• **WORK TO COMPLETE**: What you return must be the data below, word for word, without any images.

GIVEN INFORMATION below:

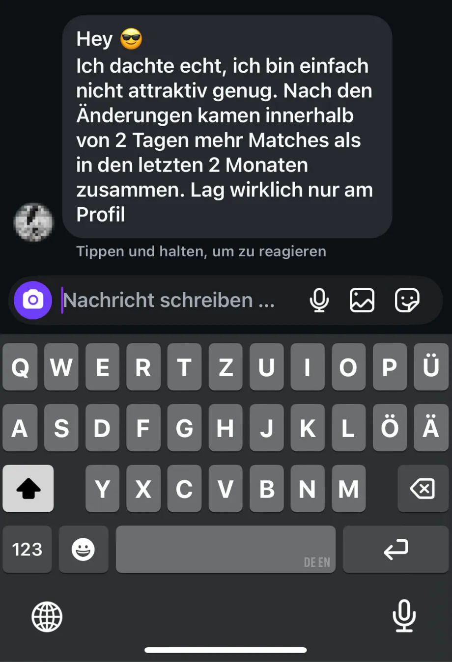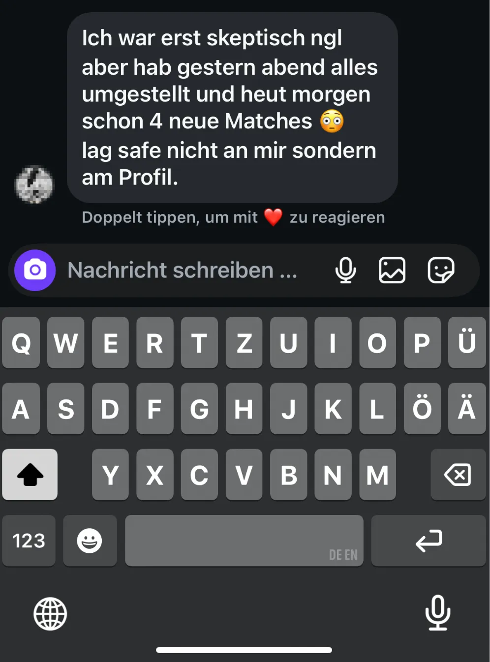 ➔ Ich habe Profilstrategien getestet, verworfen, perfektioniert – über Jahre, nicht aus irgendeinem Dating-Ratgeber, sondern durch tausende echte Matches und Dates.
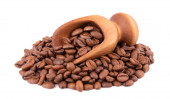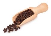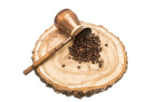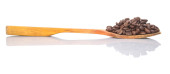 Ziarna pieprzu gwinejskiego w drewnianej gałce, izolowane na białym tle. Melegeta, papryka aligatora lub mahlab. Ziarna raju
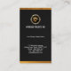 The same design them is brought to the back of the card. At the top is the optional logo, followed by the business name, contact details and an option for your slogan-tagline. A great card for heads of businesses or anyone who is partial to gold and possibly the color black.
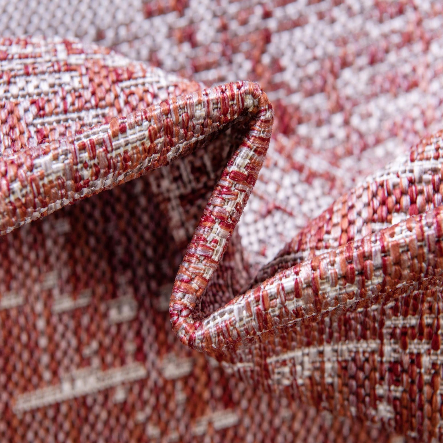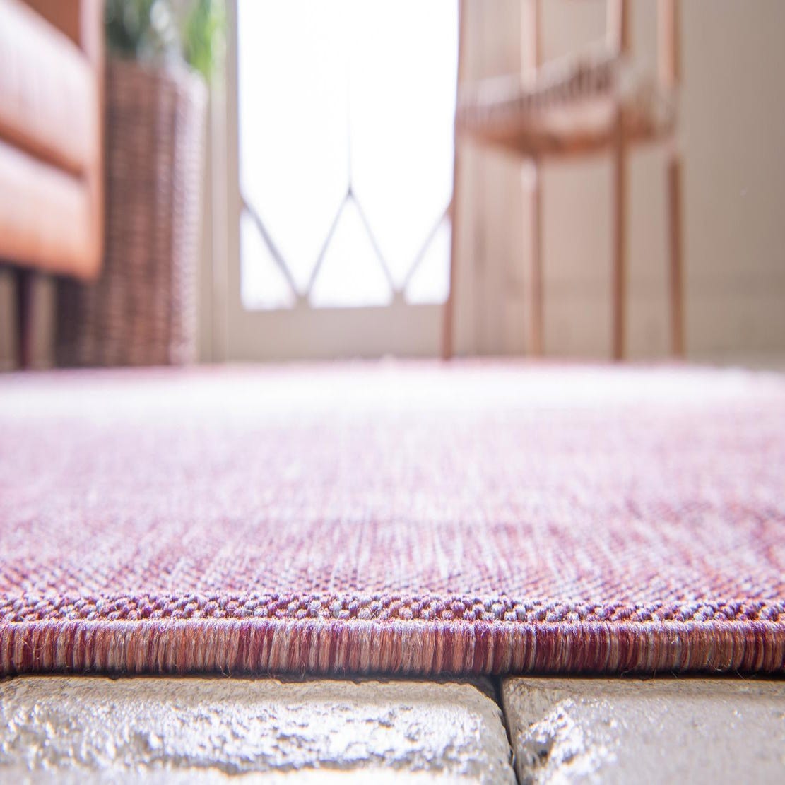 This runner fits well in contemporary and transitional schemes—pair it with light oak or charred wood floors and streamlined furniture to let the rust tone bring warmth, or use it to anchor an entry hall or narrow kitchen corridor where a touch of pattern is needed. It also complements patio seating or covered outdoor living areas, bringing a balanced mix of color and texture to both indoor and sheltered outdoor settings.
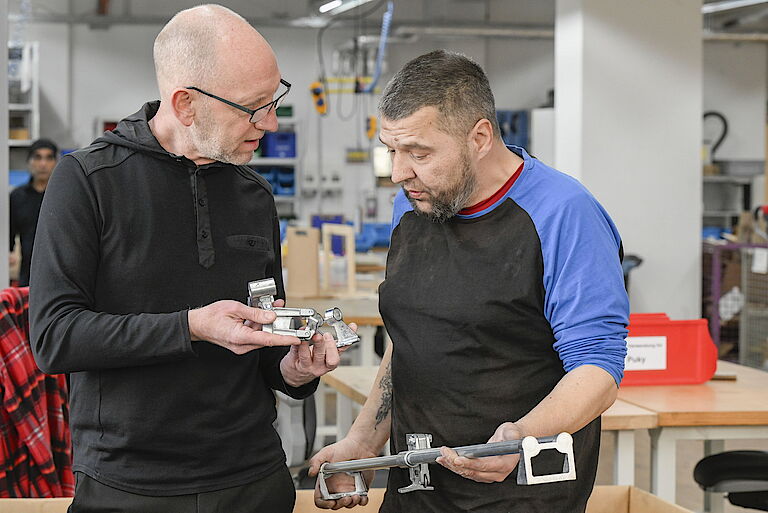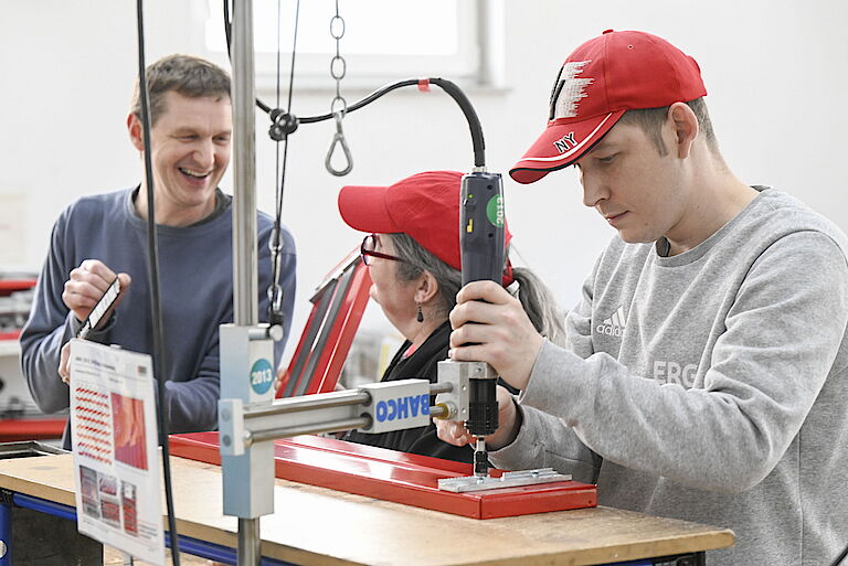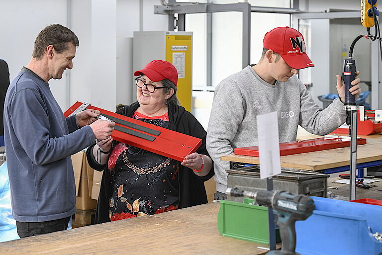 Die Arbeitsplätze zur laufenden Qualifizierung der Teilnehmer*innen für die Montage der HOLTMANN-Produkte befinden sich im Bereich der Beruflichen Bildung. Dort geht es darum, psychisch erkrankte Menschen im Rahmen einer beruflichen Reha wieder an Arbeit und einen strukturierten Tagesablauf heranzuführen. „An diesen Arbeitsplätzen kann Teamarbeit gut trainiert werden: Hier können die Teilnehmer*innen auch lernen, zu akzeptieren, dass andere in einer anderen Geschwindigkeit arbeiten“, erklärt Anja Kranenberg, Abteilungsleiterin der Beruflichen Bildung. Gleichzeitig üben die Teilnehmer*innen unter anderem Pünktlichkeit, Abmeldung im Krankheitsfall und wertschätzenden Umgang miteinander.
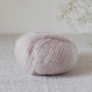 南アフリカ産のスーパーキッドモヘアとアルルメリノウールをブレンドし、光沢のあるシルクに巻きつけて起毛し、ボリューム感を出しています。
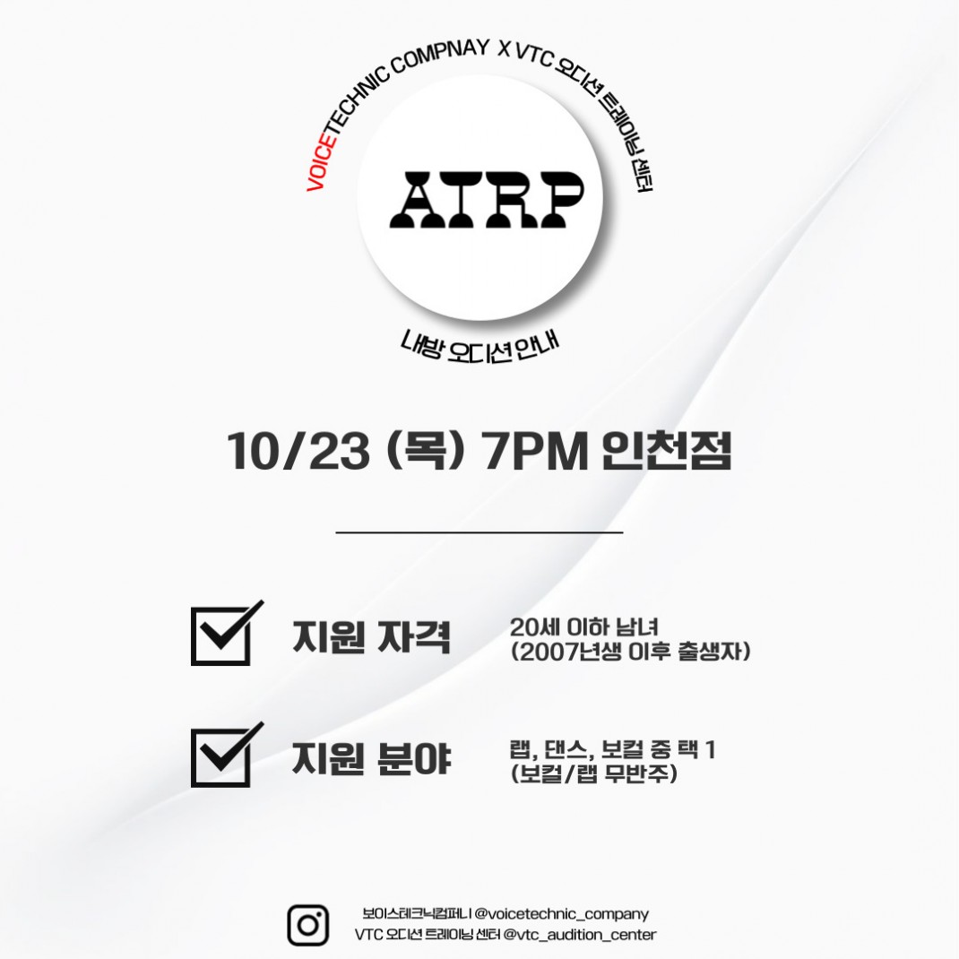 내방 오디션 정보 2025 / 129번째 내방오디션 - ATRP 2025년 10월 23일 작성자관리자 등록일 25-10-10 조회37회 본문 2025 / 129번째 내방오디션 - ATRP 2025년 10월 23일 2025 / 130번째 내방오디션 - 모드하우스 2025년 10월 30일 2025 / 128번째 내방오디션 - 빅플래닛 메이드 2025년 10월 16일 목록
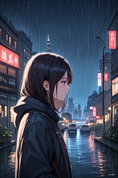 score_9,  best quality,1girl,city,rain,expressionless,from side,night,illumination
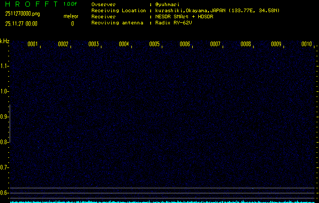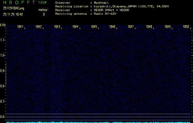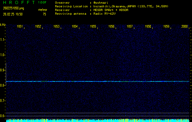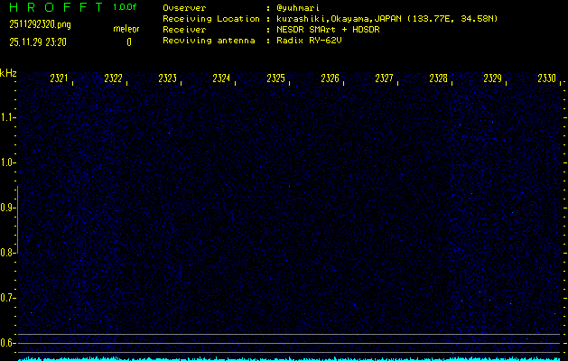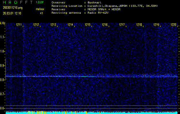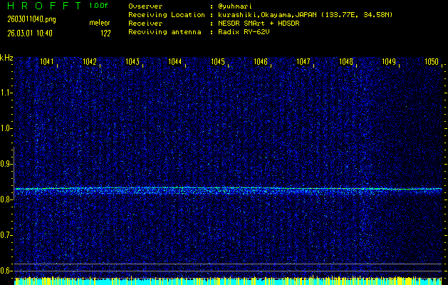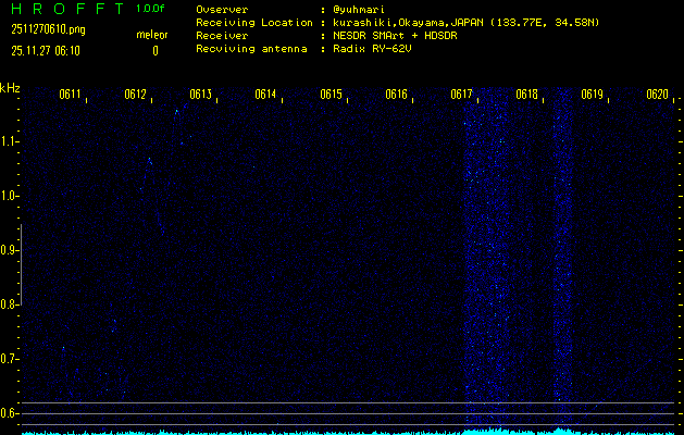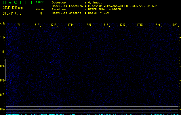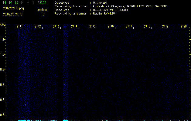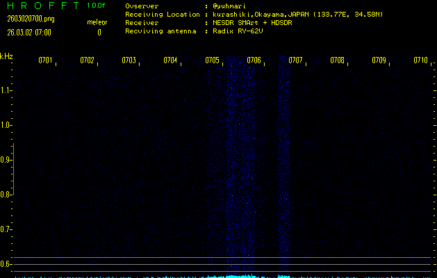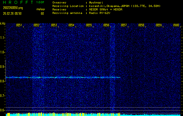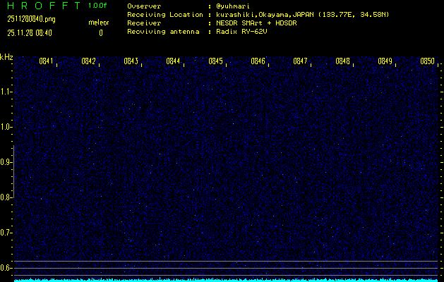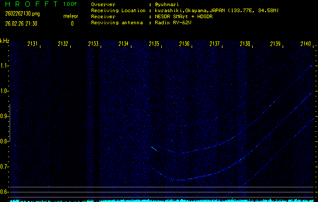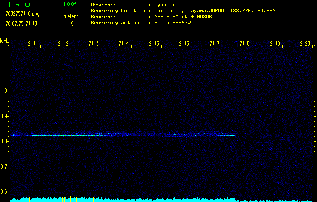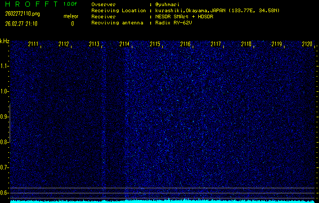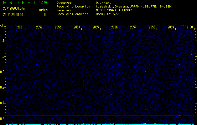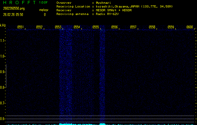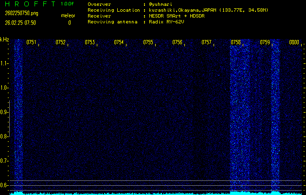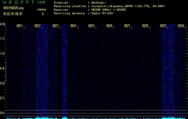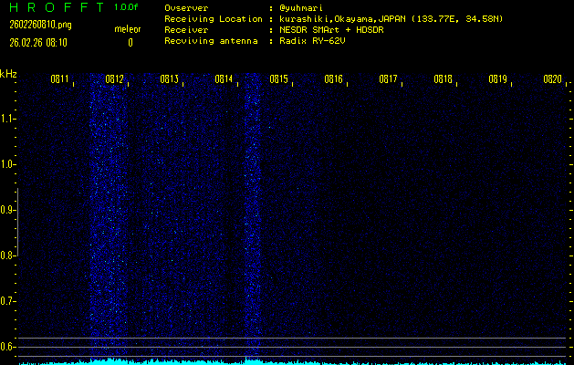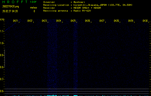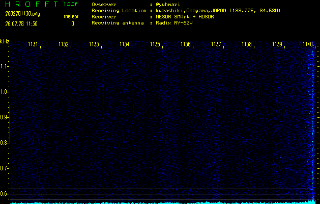 ただいま宮崎大学無線部OB会によって運用されているアマチュア無線50.017MHz(JA6YBR,50/10/1/0.1W,CW)を利用して試験受信を行っています。

End of GIVEN INFORMATION.

• **SOLUTION**:
 ➔ Ich habe Profilstrategien getestet, verworfen, perfektioniert – über Jahre, nicht aus irgendeinem Dating-Ratgeber, sondern durch tausende echte Matches und Dates.
 Ziarna pieprzu gwinejskiego w drewnianej gałce, izolowane na białym tle. Melegeta, papryka aligatora lub mahlab. Ziarna raju
 The same design them is brought to the back of the card. At the top is the optional logo, followed by the business name, contact details and an option for your slogan-tagline. A great card for heads of businesses or anyone who is partial to gold and possibly the color black.
 This runner fits well in contemporary and transitional schemes—pair it with light oak or charred wood floors and streamlined furniture to let the rust tone bring warmth, or use it to anchor an entry hall or narrow kitchen corridor where a touch of pattern is needed. It also complements patio seating or covered outdoor living areas, bringing a balanced mix of color and texture to both indoor and sheltered outdoor settings.
 Die Arbeitsplätze zur laufenden Qualifizierung der Teilnehmer*innen für die Montage der HOLTMANN-Produkte befinden sich im Bereich der Beruflichen Bildung. Dort geht es darum, psychisch erkrankte Menschen im Rahmen einer beruflichen Reha wieder an Arbeit und einen strukturierten Tagesablauf heranzuführen. „An diesen Arbeitsplätzen kann Teamarbeit gut trainiert werden: Hier können die Teilnehmer*innen auch lernen, zu akzeptieren, dass andere in einer anderen Geschwindigkeit arbeiten“, erklärt Anja Kranenberg, Abteilungsleiterin der Beruflichen Bildung. Gleichzeitig üben die Teilnehmer*innen unter anderem Pünktlichkeit, Abmeldung im Krankheitsfall und wertschätzenden Umgang miteinander.
 南アフリカ産のスーパーキッドモヘアとアルルメリノウールをブレンドし、光沢のあるシルクに巻きつけて起毛し、ボリューム感を出しています。
 내방 오디션 정보 2025 / 129번째 내방오디션 - ATRP 2025년 10월 23일 작성자관리자 등록일 25-10-10 조회37회 본문 2025 / 129번째 내방오디션 - ATRP 2025년 10월 23일 2025 / 130번째 내방오디션 - 모드하우스 2025년 10월 30일 2025 / 128번째 내방오디션 - 빅플래닛 메이드 2025년 10월 16일 목록
 score_9,  best quality,1girl,city,rain,expressionless,from side,night,illumination
 ただいま宮崎大学無線部OB会によって運用されているアマチュア無線50.017MHz(JA6YBR,50/10/1/0.1W,CW)を利用して試験受信を行っています。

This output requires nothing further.